Required: Record the asset disposal with journal entries, calculating the accumulated depreciation (straight-line method).
Workings | £ m | |
Building cost | 500 | |
– | Residual value | 300 |
= | Depreciable amount | 200 |
÷ 100 | Depreciation expense | 2 |
x 3 | Accumulated depreciation | 6 |
Description | Debit | Credit |
Cash | 1000 | |
Accumulated Depreciation | 6 | |
PPE | 500 | |
Gain on Disposal | 506 |
Asset Disposal with a Loss
If asset disposal proceeds are less than its carrying amount, the loss on disposal is realized, which will then be recorded in the general journal.
Example
Staying with 5 Broadgate. In reality CK Holdings sold the building in 2022 at a good profit. Let’s imagine they had a cashflow crisis in 2020 (two years after their purchase) and felt they had to sell. 2020 was not a good year for office occupancy due to the effects of the pandemic. They may have been happy with a sale of 800m, but will have suffered a loss.

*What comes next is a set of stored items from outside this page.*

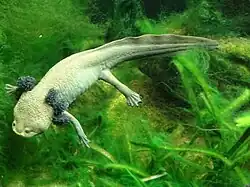 This species is neotenic (also known as paedomorphism), meaning that they retain larval stage characteristics. This mainly includes their external, heavily vascularized gills, rather than losing them in adulthood like most salamander species.[4][10] While many Ambystoma salamanders are capable of performing facilitative neoteny (entering metamorphosis only under favorable environmental conditions), Ambystoma dumerilii is only one of five Ambystoma salamanders that are found in a permanent, natural state of paedomorphism.[9] As a result, while the species possesses functional, terrestrial lungs, most gas exchange occurs via their gills and skin.[9]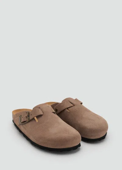MANGO Kids' Leather Clogs With Buckle Medium Brown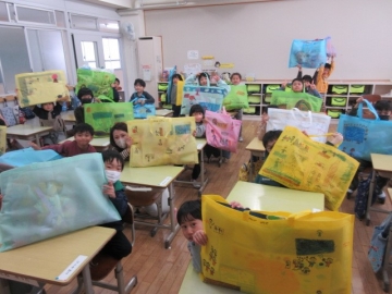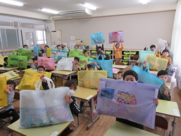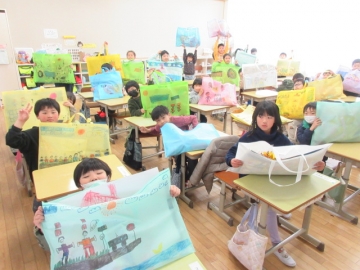 さくひんバッグに、思い出を しまいました。おうちへ もってかえります。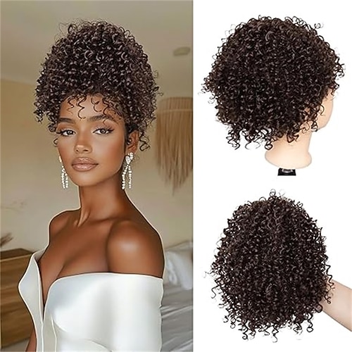 coda di cavallo con coulisse a soffio afro con clip per capelli ricci crespi con frangia estensioni dei capelli coda di cavallo corta updo posticci per le donne nere

Let’s assume CK bought the building for £1bn. They updated depreciation when they bought it to 100 years from the point of their purchase (we’re assuming this to make the numbers easier to follow). They’ll sell for £800m after 2 years.

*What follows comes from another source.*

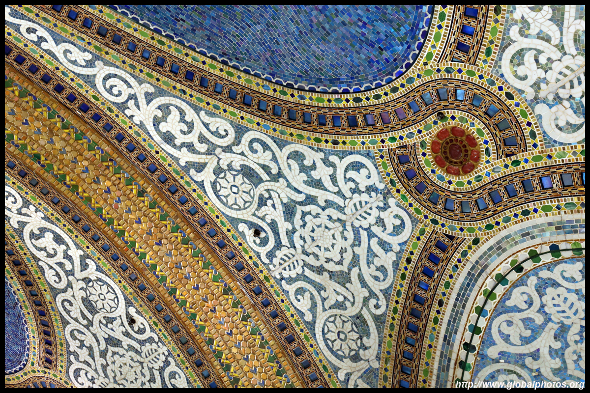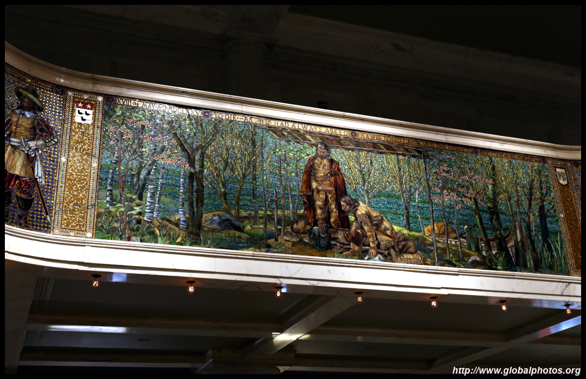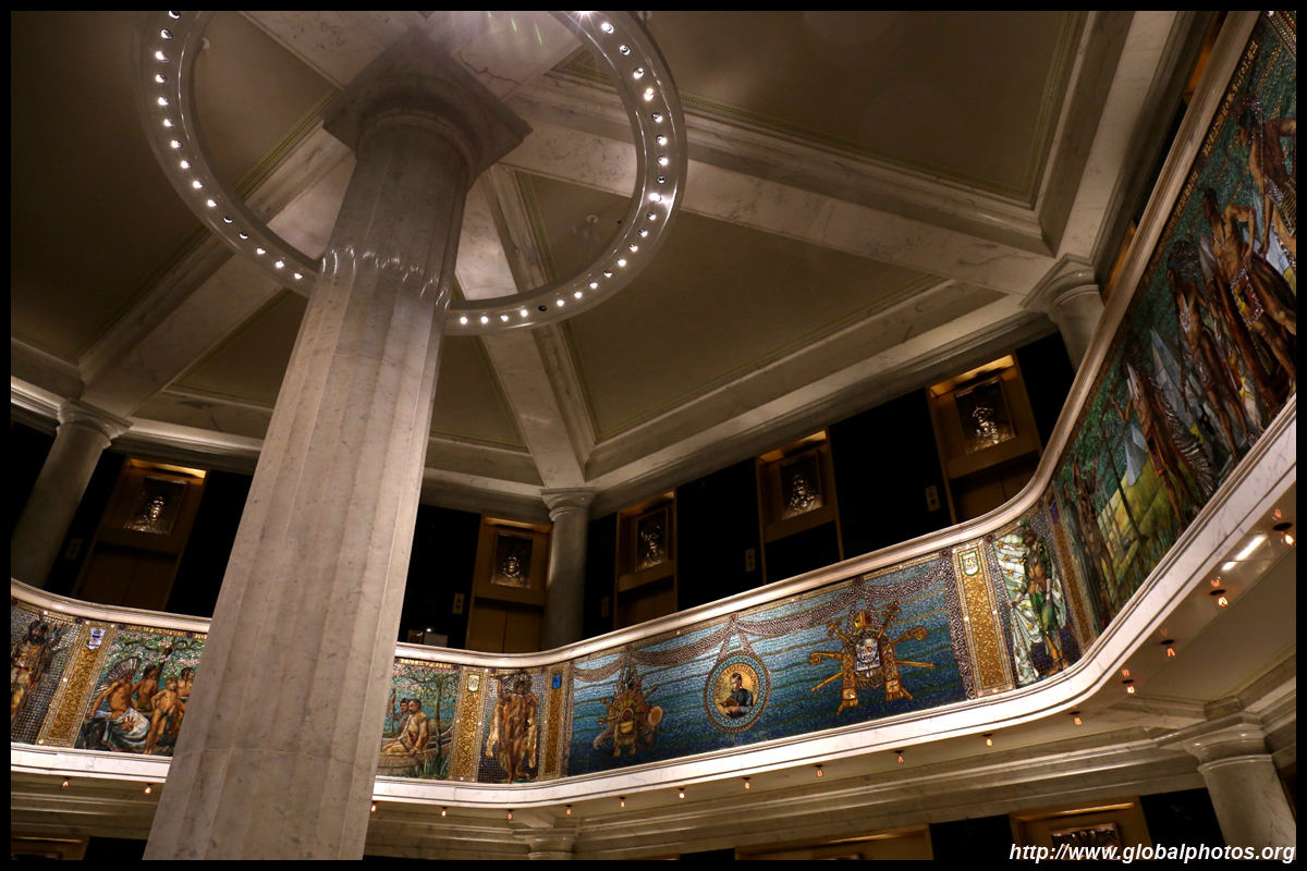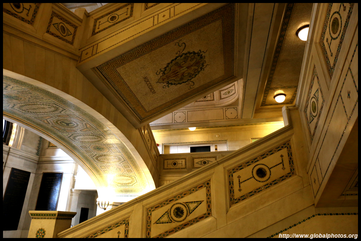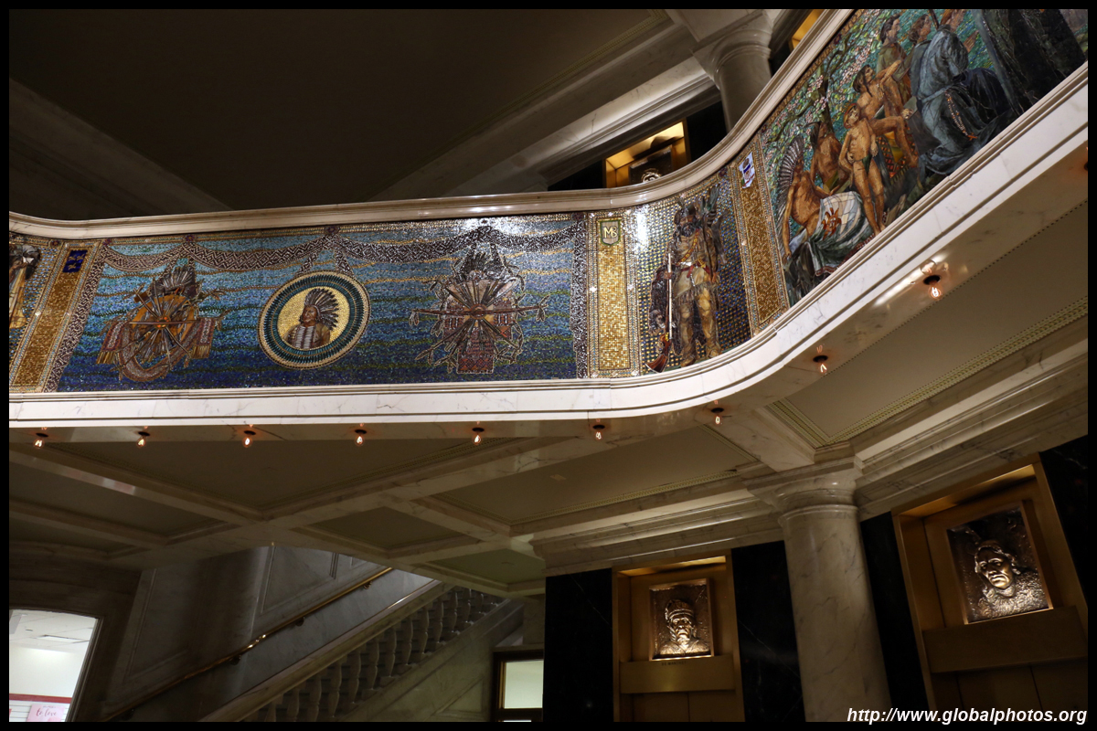 The Marquette Building's lobby has an abundance of sculpted mosaics depicting French explorer Jacques Marquette's journey.

Required: Show the journal entries to record this asset disposal transaction.
Answer: Loss on Sale of Machinery Journal Entry
Workings | £ m | |
Building cost (remember this is the cost to CK) | 1000 | |
– | Residual value (assuming the land is worth the same) | 300 |
= | Depreciable amount | 700 |
÷ 100 | Depreciation expense | 7 |
x 2 | Accumulated depreciation | 14 |
Description | Debit | Credit |
Cash | 800 | |
Accumulated Depreciation | 14 | |
Loss on Disposal | 186 | |
PPE | 1000 |
If you’d like to practice these three types of disposal you could download and complete the download you’ll find linked on the right hand side of the page, which contains some new example for you to practice on.
Conclusion
Asset disposals can create a gain or loss. For large assets this can be material, and complex. Understanding how the asset, its accumulated depreciation and the cashflow works together to create the gain or loss is a useful skill for financial professionals.